Trump’s pharma tariffs could raise drug prices for consumers, but exemptions may blunt impact

UBSJPMNVS
Tax & TariffsTrade Policy & Supply ChainHealthcare & BiotechRegulation & LegislationElections & Domestic PoliticsCompany FundamentalsAnalyst InsightsInflation

President Trump announced a 100% tariff on branded and patented pharmaceutical imports effective October 1st, potentially signaling higher U.S. consumer prices. However, the actual impact is expected to be significantly mitigated by key exemptions: generic drugs, accounting for 90% of prescriptions, are excluded, as are companies with existing or committed U.S. manufacturing facilities, a category including many major drugmakers like Roche and Novartis.
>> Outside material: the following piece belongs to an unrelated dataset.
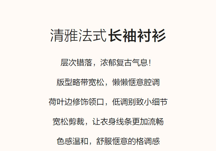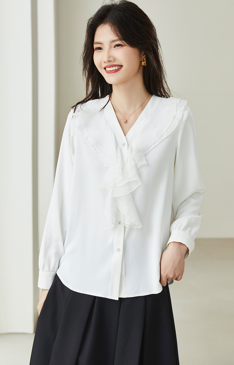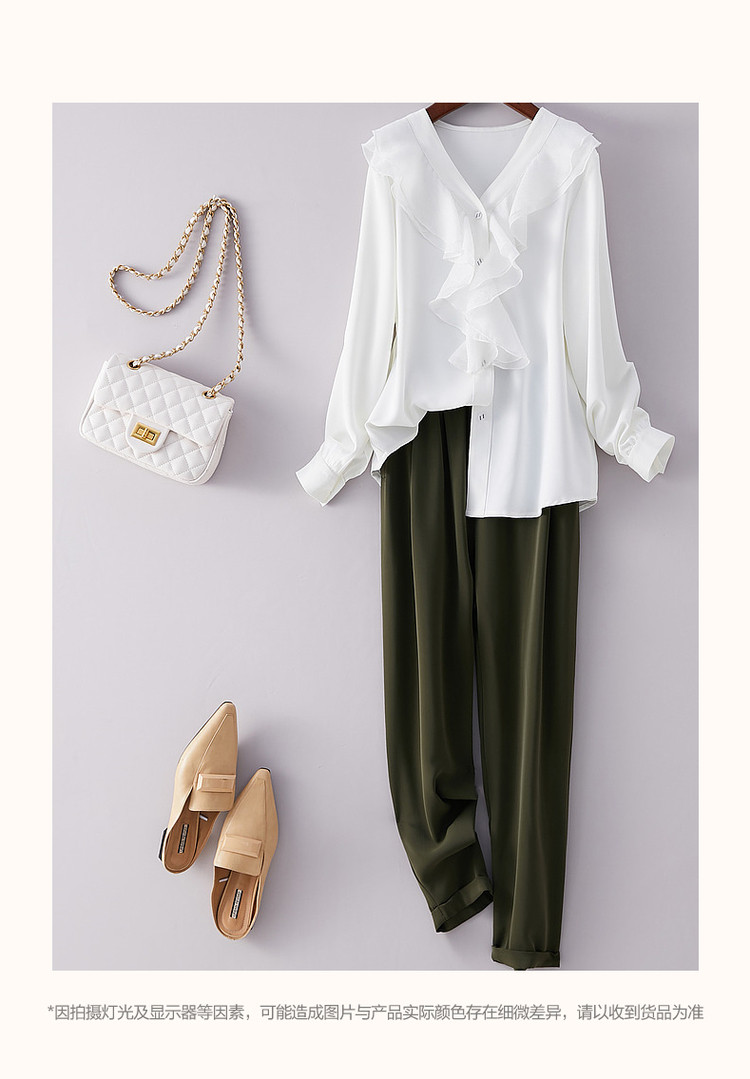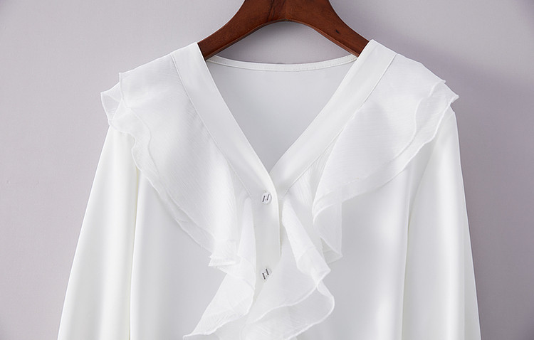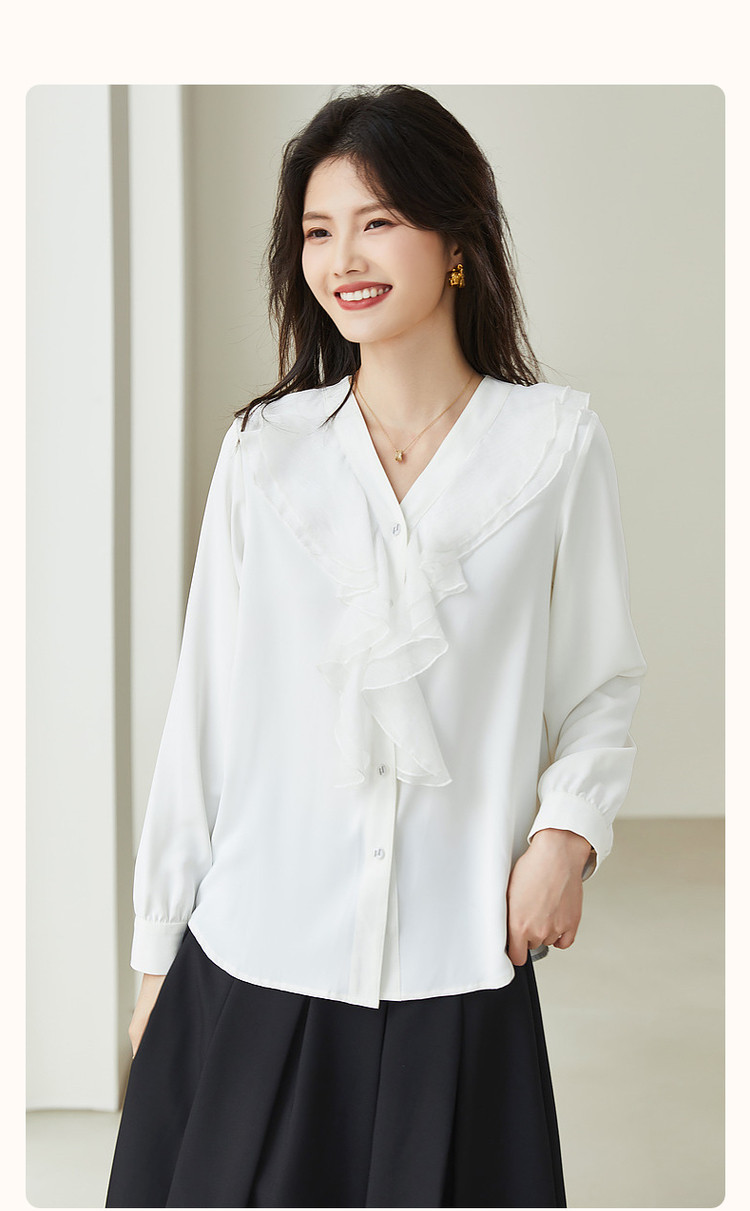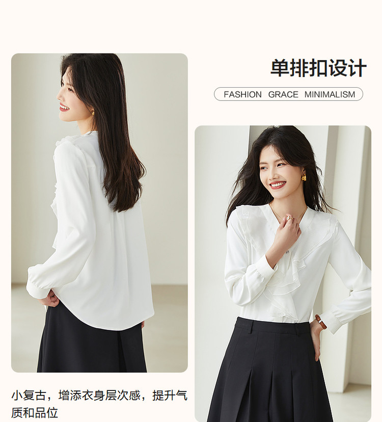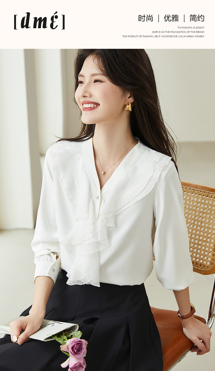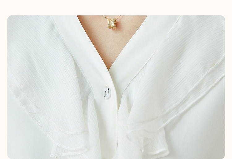 商品名称:【香榭丽舍系列】秋日法腔V领唯美花边丝滑雪纺衬衣女装上衣 696769

Additionally, a prior agreement caps tariffs on EU imports, which represent 60% of U.S. pharma imports, at 15%, and anticipatory stockpiling by manufacturers is expected to delay immediate consumer effects, leading analysts to anticipate a much more limited commercial hit than the headline tariff rate suggests.

Analysis

President Trump's announcement of a 100% tariff on branded and patented pharmaceutical imports, targeting a market valued at $213 billion in 2024, initially suggests a significant risk of price inflation for U.S. consumers. However, the policy's actual commercial impact is expected to be substantially muted by several critical exemptions. Firstly, the tariffs do not apply to generic drugs, which account for a commanding 90% of all prescriptions filled in the United. Secondly, a prior agreement capping tariffs on European Union imports at 15% is expected to remain in place, shielding the largest source of U.S. drug imports, which constitutes 60% of the total. Finally, and most significantly, exemptions will be granted to any drugmaker with existing or committed U.S.-based manufacturing facilities. Analysts at JPMorgan and UBS note this will likely exclude a majority of pharmaceutical products, as major firms like Novartis and Roche have already confirmed they anticipate little to no impact due to their substantial U.S. production footprints. Anticipatory stockpiling by manufacturers is also expected to buffer any immediate supply or price shocks, collectively indicating the announced policy is more a targeted political measure than a broad-based economic disruption for the sector.